Precipitate evolution during aging and its individual role on high-temperature hot corrosion response in Alloy 617

In this work, we report the results of a systematic study on the evolution of the precipitates during aging in a Ni-based superalloy (Alloy 617) and their effect on the high-temperature hot corrosion (HTHC). It was observed that the extent of Cr-rich precipitation increased with the aging time while the other micro structural parameters such as grain size, retained strain, and Sigma 3n (n <= 3) boundaries fraction did not change in comparison to the as-received (AR) condition. To evaluate the role of precipitation on hot corrosion, the AR and the aged specimens were subjected to the HTHC test involving complete immersion of the specimens in a 75 wt% Na2SO4 + 20 wt% NaCl + 5 wt% V2O5 salt mixture at 1273 K for 24 h. The characterization of surface and cross-section morphologies of the corroded layers through scanning electron microscopy revealed that the oxide film formed on the AR specimen is highly porous and loose. In contrast, the layer formed on the specimen aged for 100 h (AR-100 h) is significantly thinner and dense. Post-HTHC analysis aided with the thermodynamic and diffusion calculations revealed that the improved HTHC performance of the AR-100 h specimen is due to the rapid formation of an oxide layer owing to the enhanced supply of Cr as a consequence of carbide dissolution.
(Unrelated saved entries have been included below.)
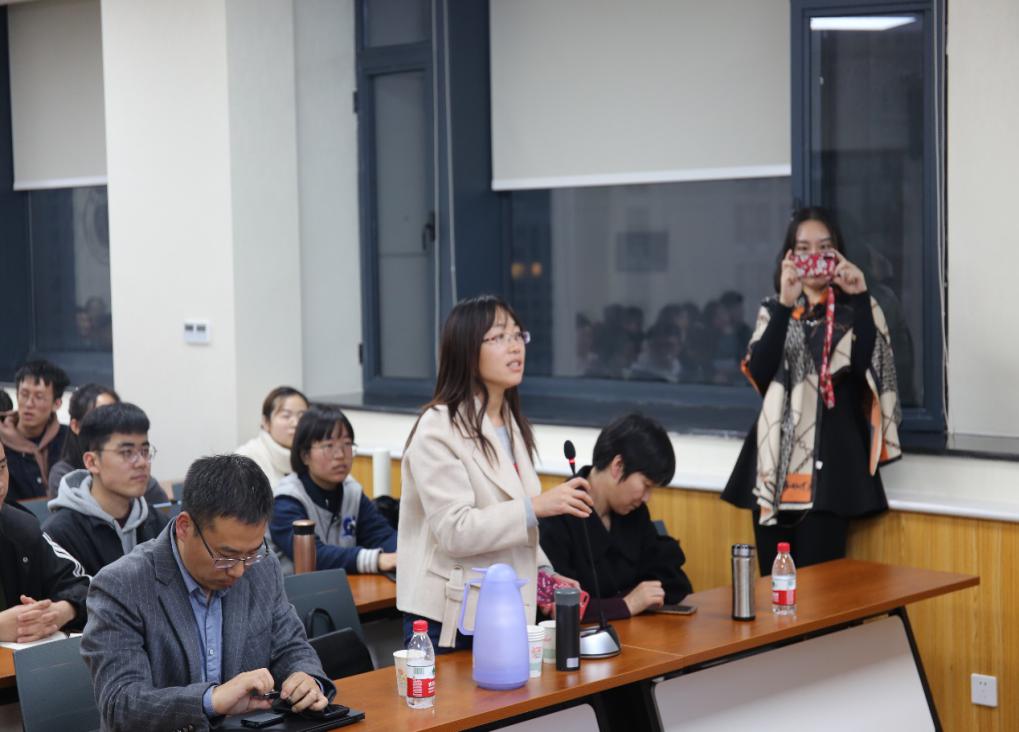 在提问环节,在场师生热情高涨,积极互动。王灿发教授对提出的私权的限制、环境法是否具有阶级性等问题进行耐心地解答。
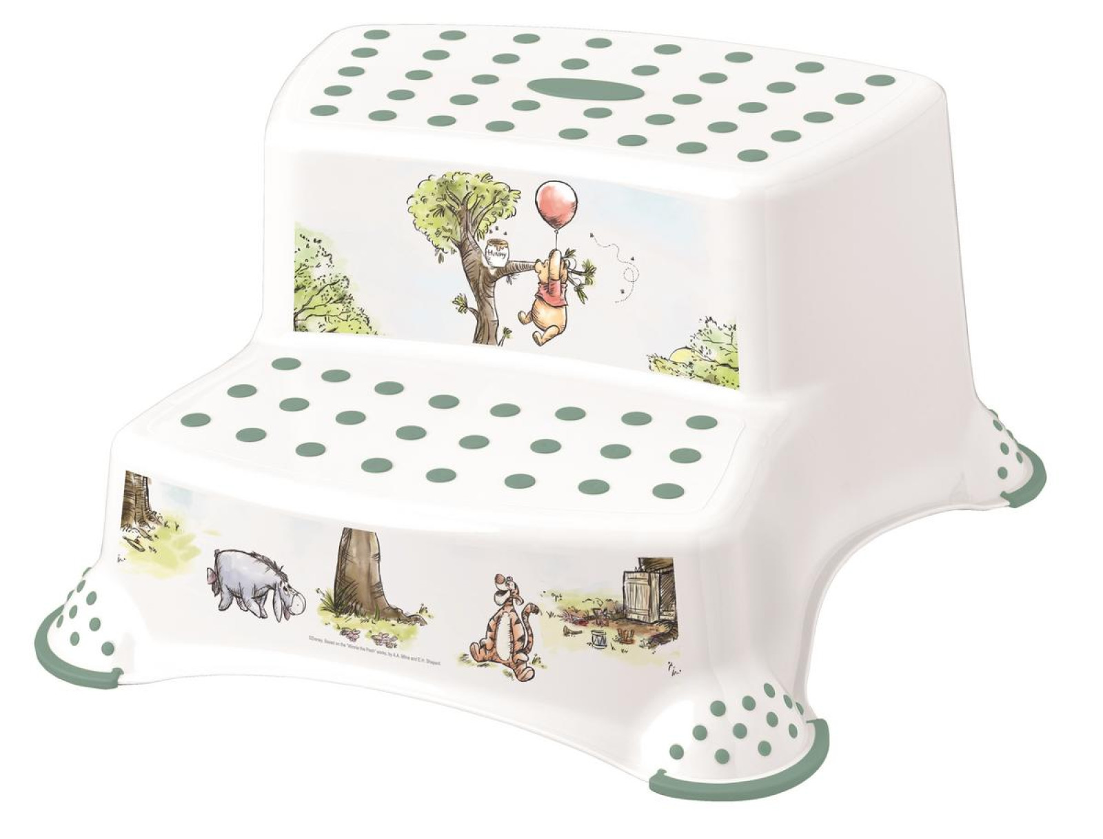 plastový detský dvojschodík, protišmykový, rozmer 40x37x21 cm, farba biela, motív WINNIE, max. zaťaženie do 100kg, praktický, ľahký a bezpečný
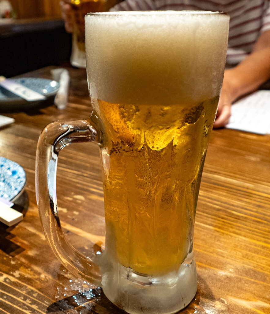 まずはよく冷えた生ビールに一品料理並の突き出しでスタート。
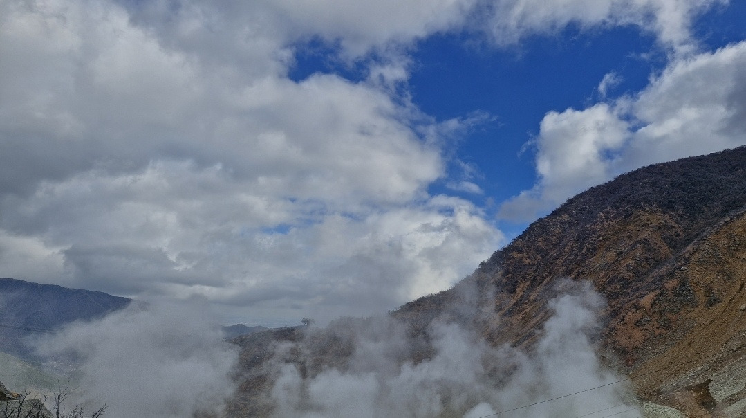 유황이 피어오르는 언덕을 바라보았다
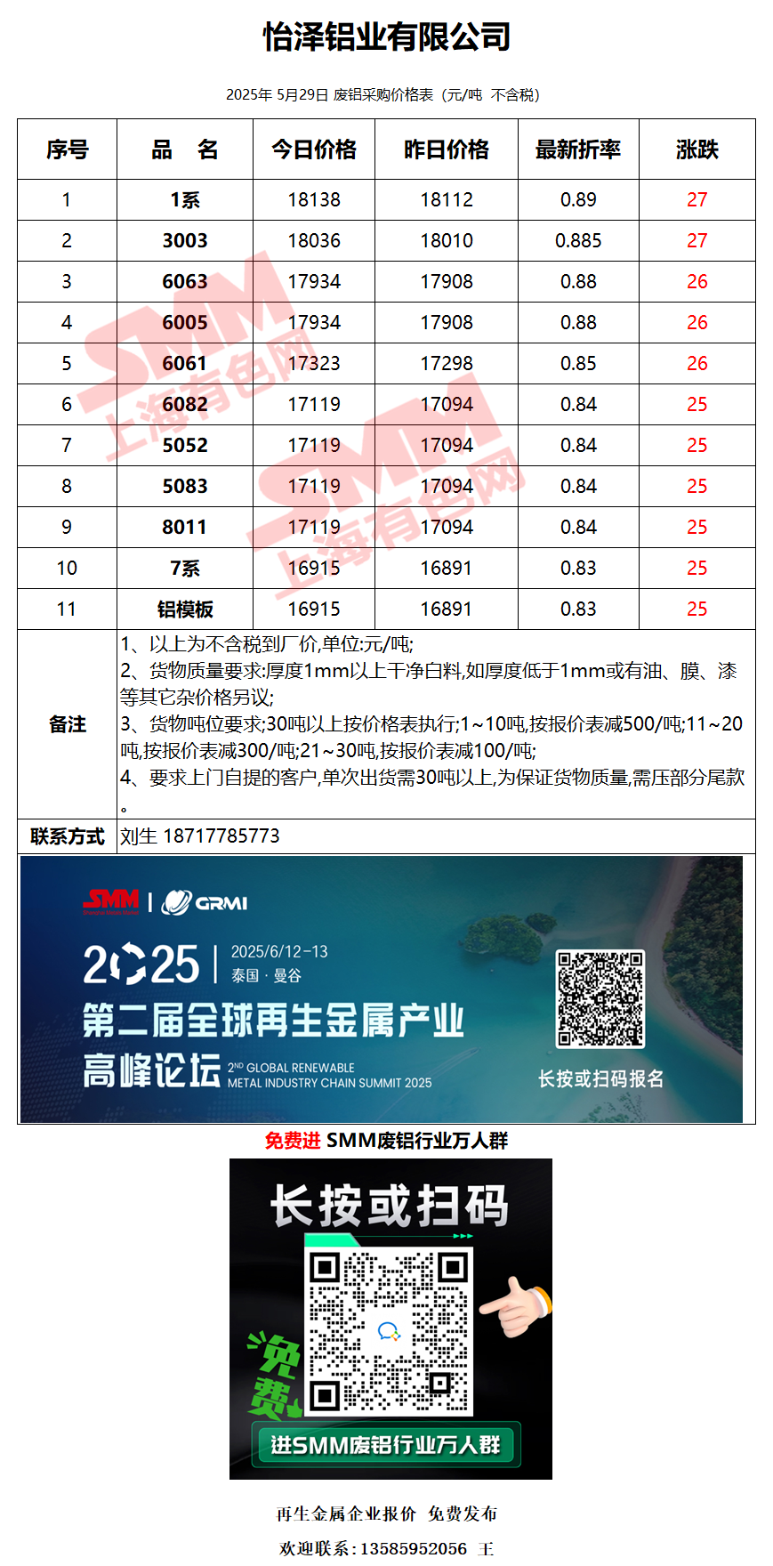 5月29日怡泽铝业 废铝采购报价

Also, the undissolved carbides at the grain boundaries acted as a potential obstruction to the inward transport of corrosive species, resulting in a significantly lower percolation depth in the AR-100 h specimen (similar to 66 +/- 6 mu m) than the AR condition (similar to 305 +/- 15 mu m). (C) 2021 Elsevier B.V. All rights reserved.

Automated summary

In this systematic study on a Ni-based superalloy, it was found that the evolution of precipitates during aging significantly affects the high-temperature hot corrosion performance. The improved corrosion resistance was attributed to the rapid formation of oxide layer and the presence of undissolved carbides at grain boundaries, which hindered the inward transport of corrosive species.